Он говорил с горячностью, но в глубине души все больше убеждался, что женщина виновата. Она слушала со вниманием лукавого зверька. Она как-то извивалась и ежилась, не то, как белка, не то как куница. Отвратительная улыбка обнажала десны ее зубов.

— Да, я это знаю так же хорошо, как и господа судьи. И тем не менее я утверждаю, что, если вы умеете разбираться в характрах, вы не проработаете и недели с этой женщиной: вам станет совершенно ясно, что она такое, и что можно от нее ожидать.

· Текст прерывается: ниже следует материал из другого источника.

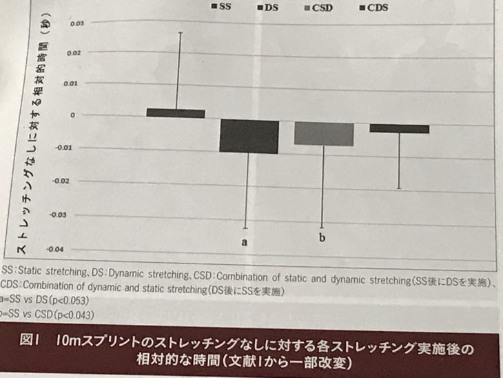 スタティックストレッチだけをしたグループはタイムが速くなるどころか遅くなっていることもわかりますね(^^)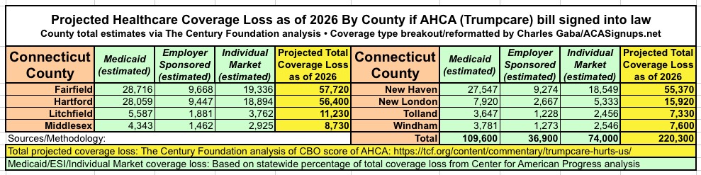 With that in mind, here's the County Level breakout of the Century Foundation's projections of how many people would lose healthcare coverage by 2026 under the GOP's AHCA bill. The yellow columns (Total) come directly from TCF's analysis; the green columns (type of coverage loss) are my own proportional estimates within those totals.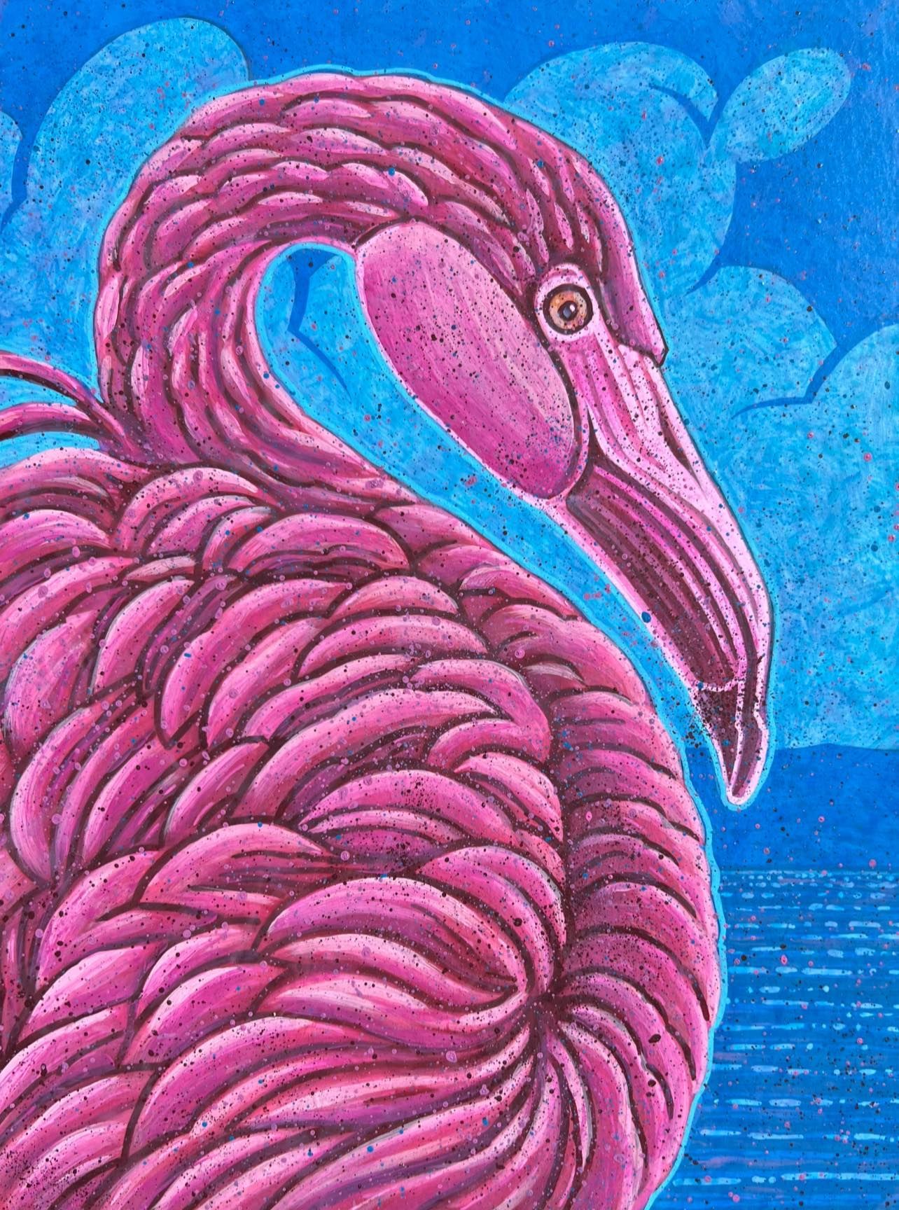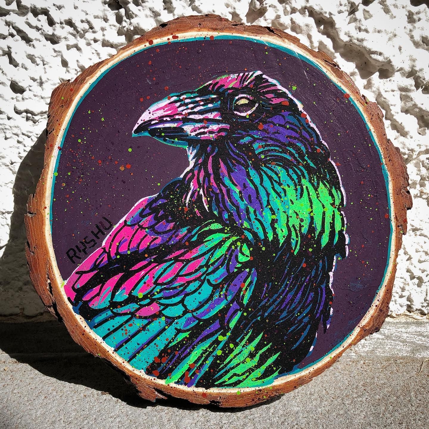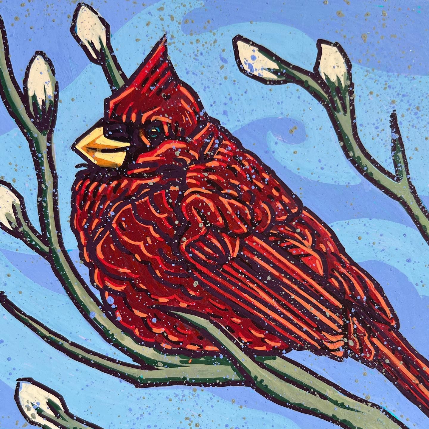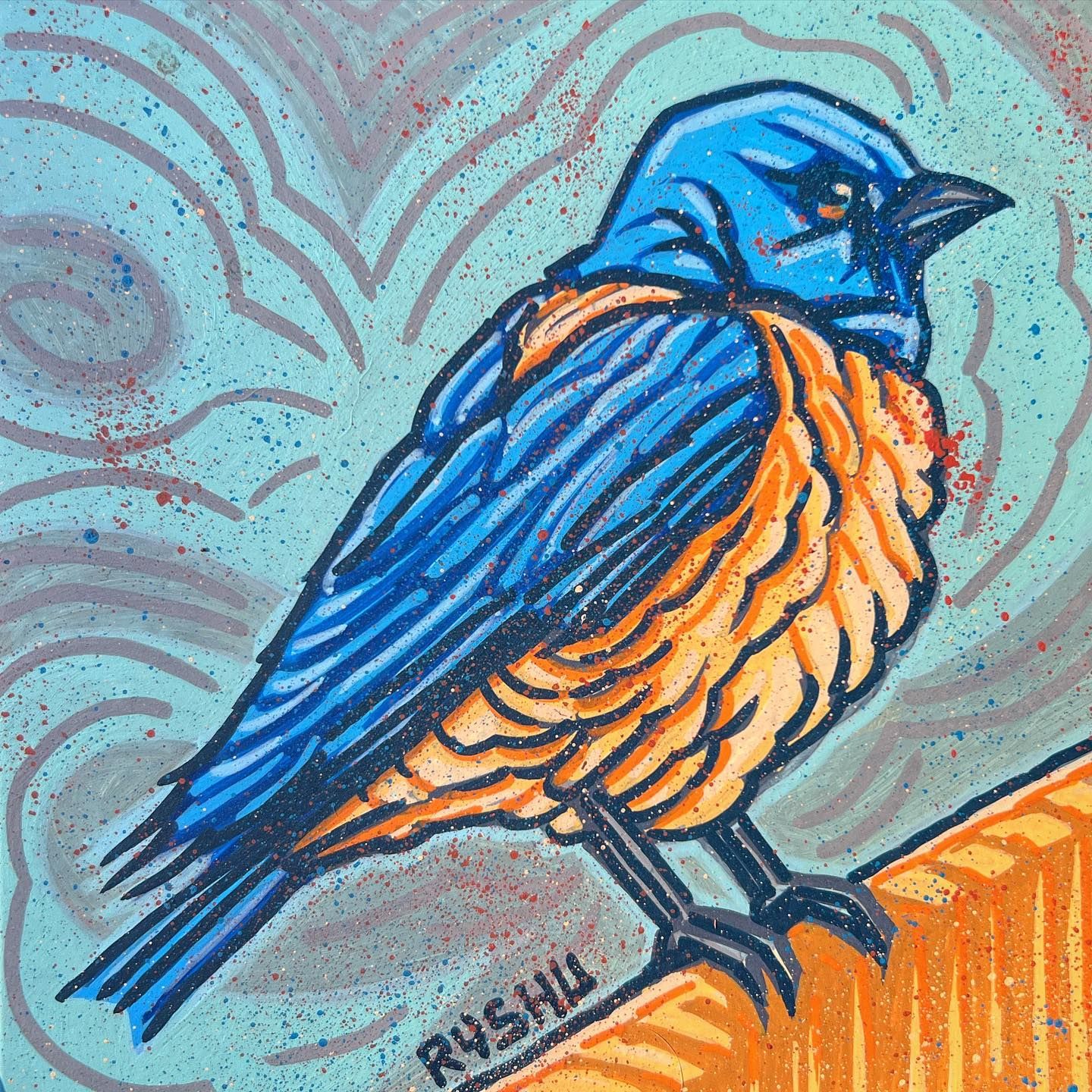 I had fun capturing the iridescent shimmer from the wing in flat paint. Acrylic on wood | 12'x12"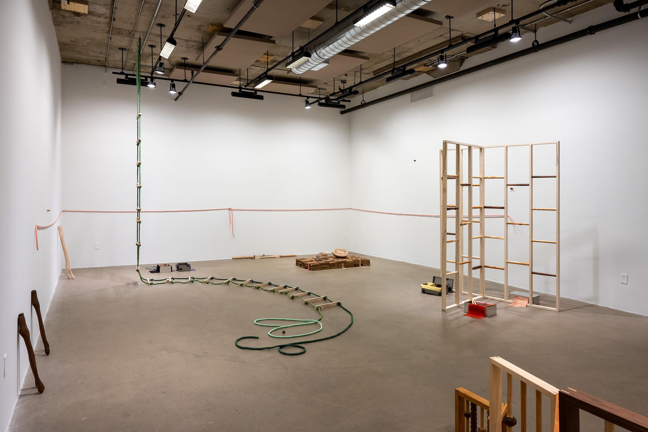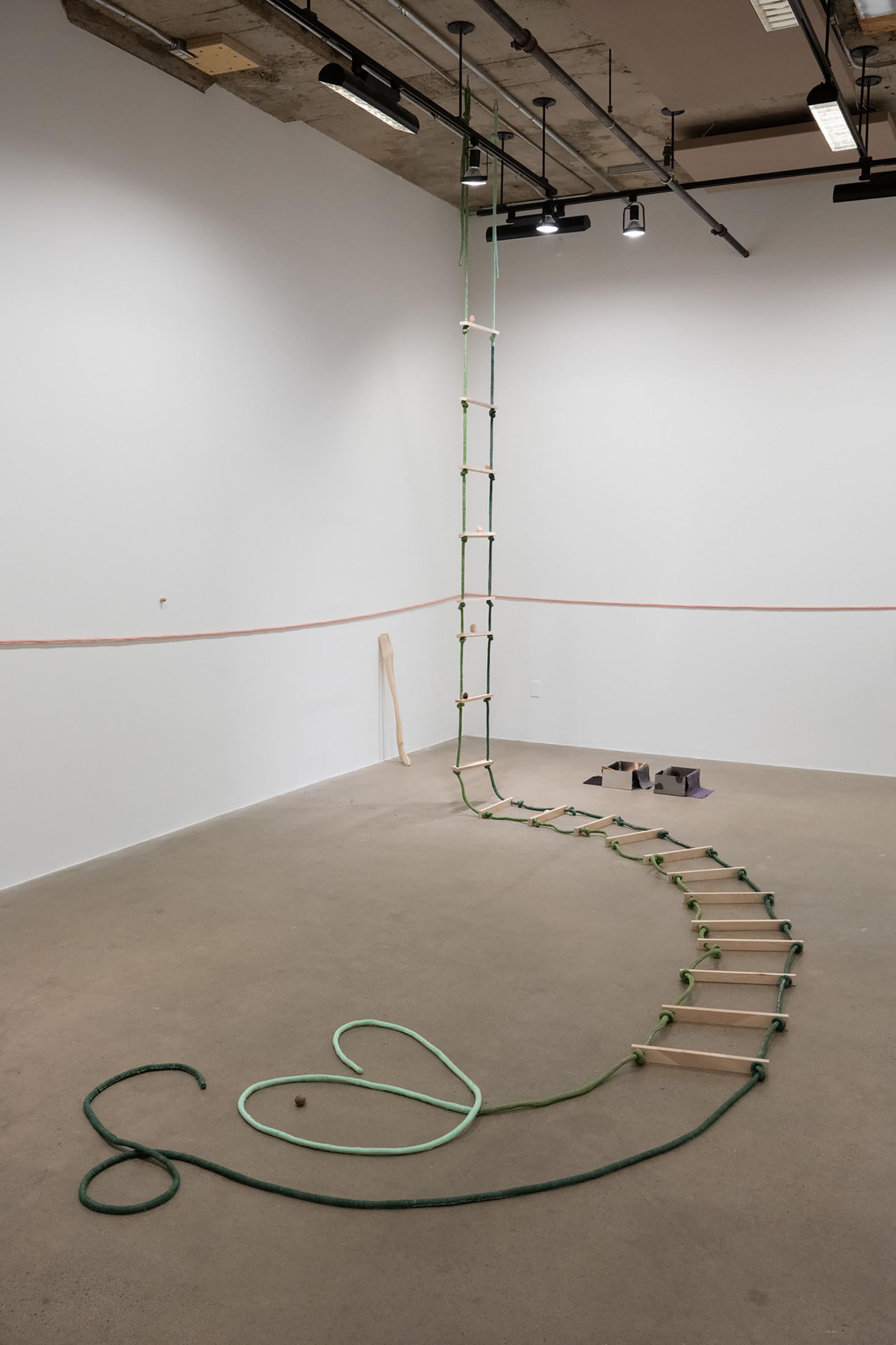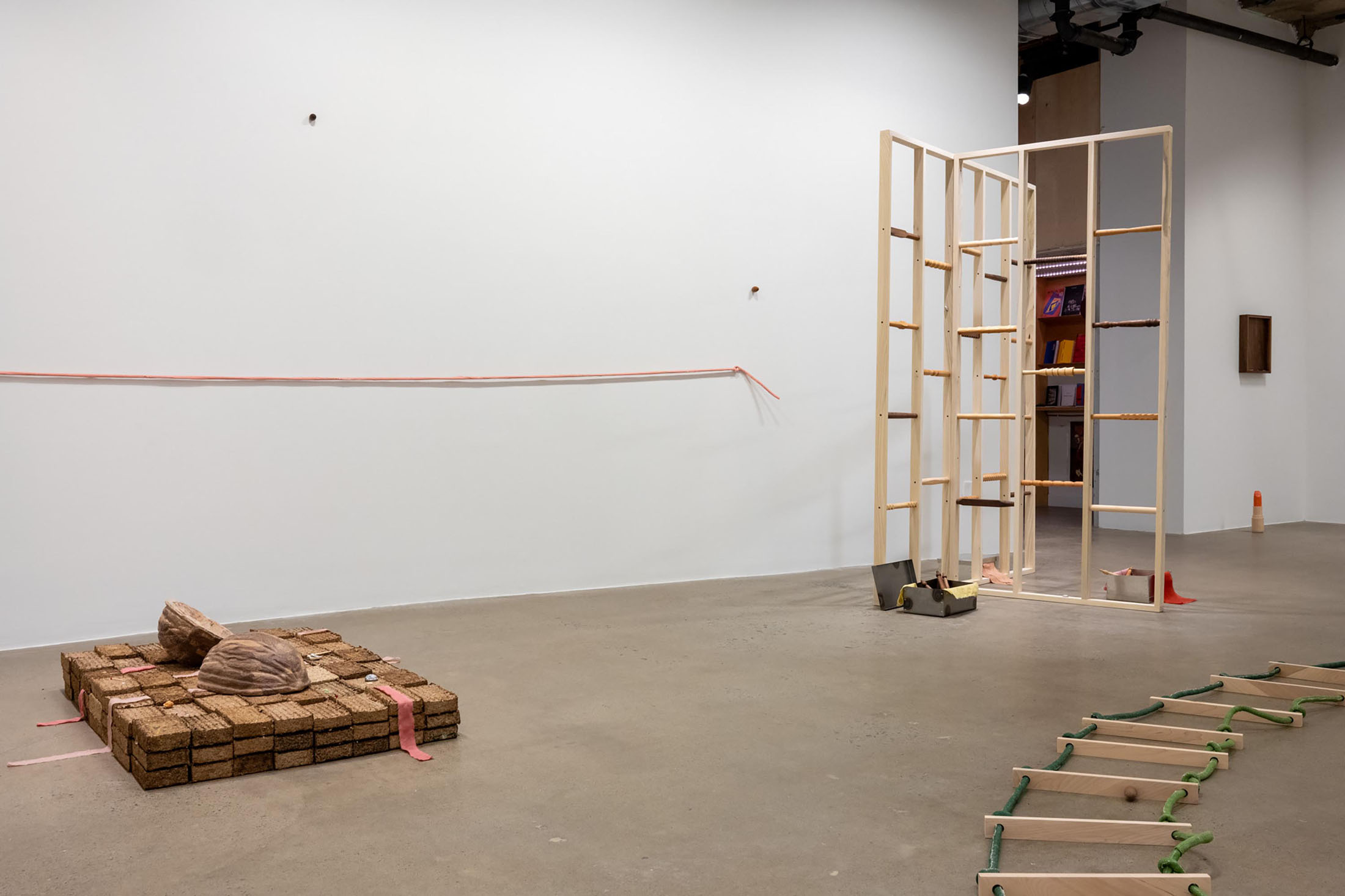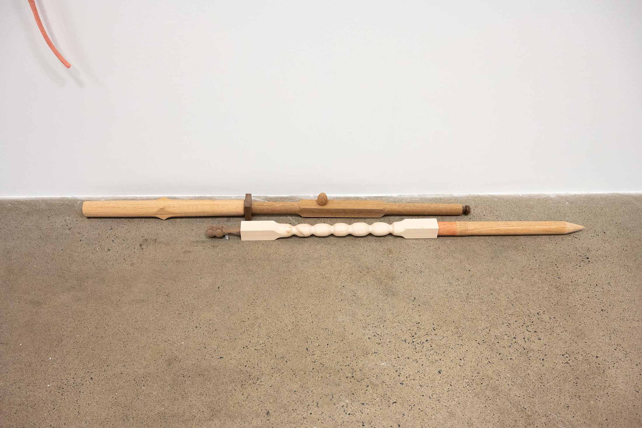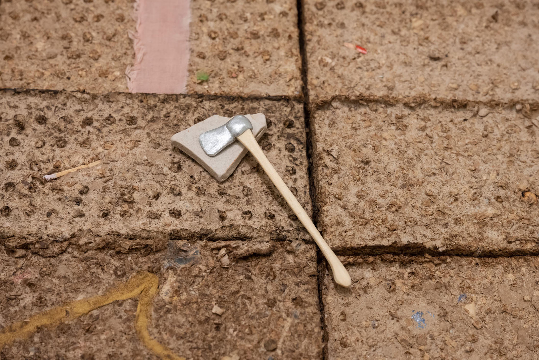 From this intimacy with wood emerges mimesis. The artist conjures up several familiar shapes: nut, axle, lipstick, pencils, matches, emergency ladder. Some faithful to their proportions, others exaggerated or reduced, these replicas destabilize our bearings and sway our sense of reality. Inspired by her children, who learn by imitating, McNeely reveals our ability to reproduce, but also warp the world around us. In a universe skewered by ecogrief, her sculptures become attempts at making connections and inventing anchor points in the midst of instability.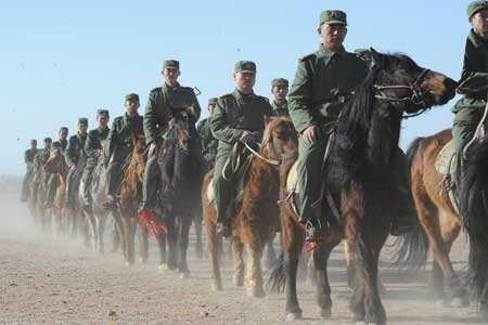 同时,他们也是一段历史的延长线。在人民军队的发展历史上,骑兵部队南征北战,曾经建立了卓越的功勋。从一定程度上说,人民的江山也是马背上驮来的。熟悉我军征战史的人,在记忆深处的某个位置,总会保留着英雄骑兵的一些战斗片断。看到今天在内蒙古边防线上生龙活虎地奋斗着的骑兵兄弟,我们就会想起,在昔日战火纷飞的沙场上骑兵英雄横刀立马,驰骋疆场的生动形象,就会听到密如战鼓的声声马蹄,更为重要的是,我们会再次感受到那雷厉风行,一往无前的骑兵战斗精神。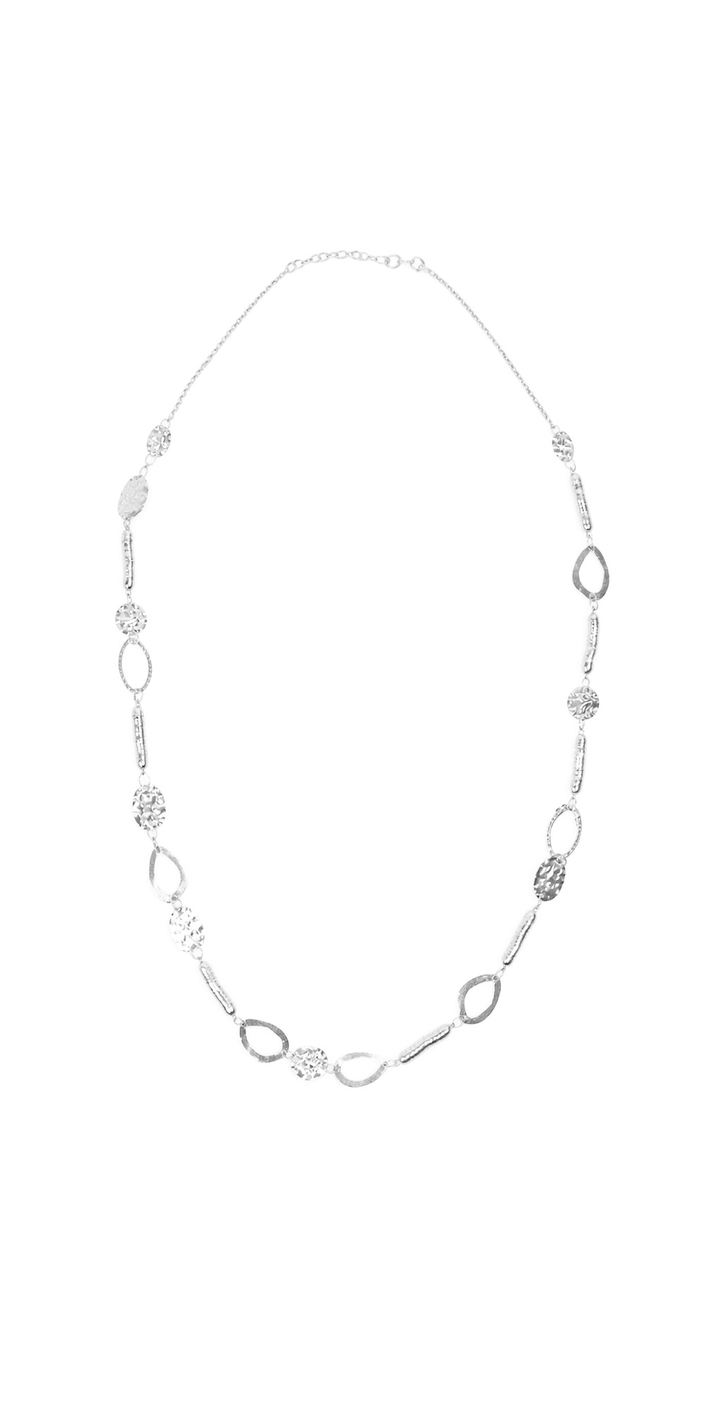 Suzie Blue Silver Long Mixed Snake & Beaten Disc Necklace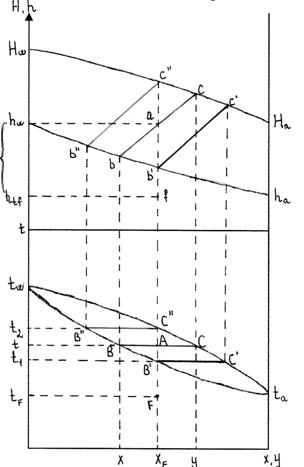 - т.а, A. В этой точке система будет состоять из жидкой и паровой фаз, составов x и y. Составы и энтальпии жидкости и пара определяются т.b, B, C, c.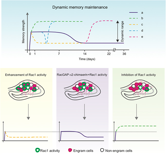 记忆巩固理论认为,一旦长期记忆的形成完成,长期记忆将保持在稳定强度,无法进一步增强。今日钟毅课题组在小鼠的研究中表明,情境恐惧记忆即使在形成很久之后,也能够被进一步增强。在进一步探索这种出乎意料的记忆增强机制中,研究人员发现,一次足底电刺激的情境恐惧训练同时诱发海马脑区的Rac1的持续激活和α2-chimaerin蛋白的长期合成。Rac1的持续激活介导了可逆性遗忘。而α2-chimaerin作为记忆维持分子,通过在维持阶段抑制Rac1活性,进而维持记忆在中间水平 (图1,RacGAP α2-chimaerin+Rac1 activity)。通过调控背侧海马脑区的Rac1活性或改变α2-chimaerin的表达,中间水平的记忆能够被增强(图1,Inhibition of Rac1 activity)或者减弱(图1,Enhancement of Rac1 activity)。因此,Rac1活性和α2-chimaerin蛋白之间的相互作用决定长期记忆的动态维持。

Он резко вздернул плечами, его живое лицо вдруг сделалось каменным, и он сказал совершенно спокойным голосом:

— Наш патрон рассудит сам, я только сказал то, что считал своим долгом сказать, а затем я умываю руки.

И он кинулся к ближайшей машине. Делаборд обратился к женщине:

— Вы слышали, Элиза, — сказал он, надувая щеки. — Вы, видно, сами себе враг, и боюсь, что рано или поздно сыграете с собой какую-нибудь злую шутку.

— Что он врет, что я хотела себе лапу разможжить! — захныкала она. — Это клевета.

— Остановите вашу мельницу. Слушайте, даже если он зря вас осуждает, он ведь все-таки спас вашу руку, которая была бы вдребезги разбита. А за это вам надо быть ему очень и очень благодарной. Ну-с, за работу и помните, что за вами наблюдают и, если вы с вашей лапой попадетесь, вам не дадут никакого возмещения, ни франка не дадут.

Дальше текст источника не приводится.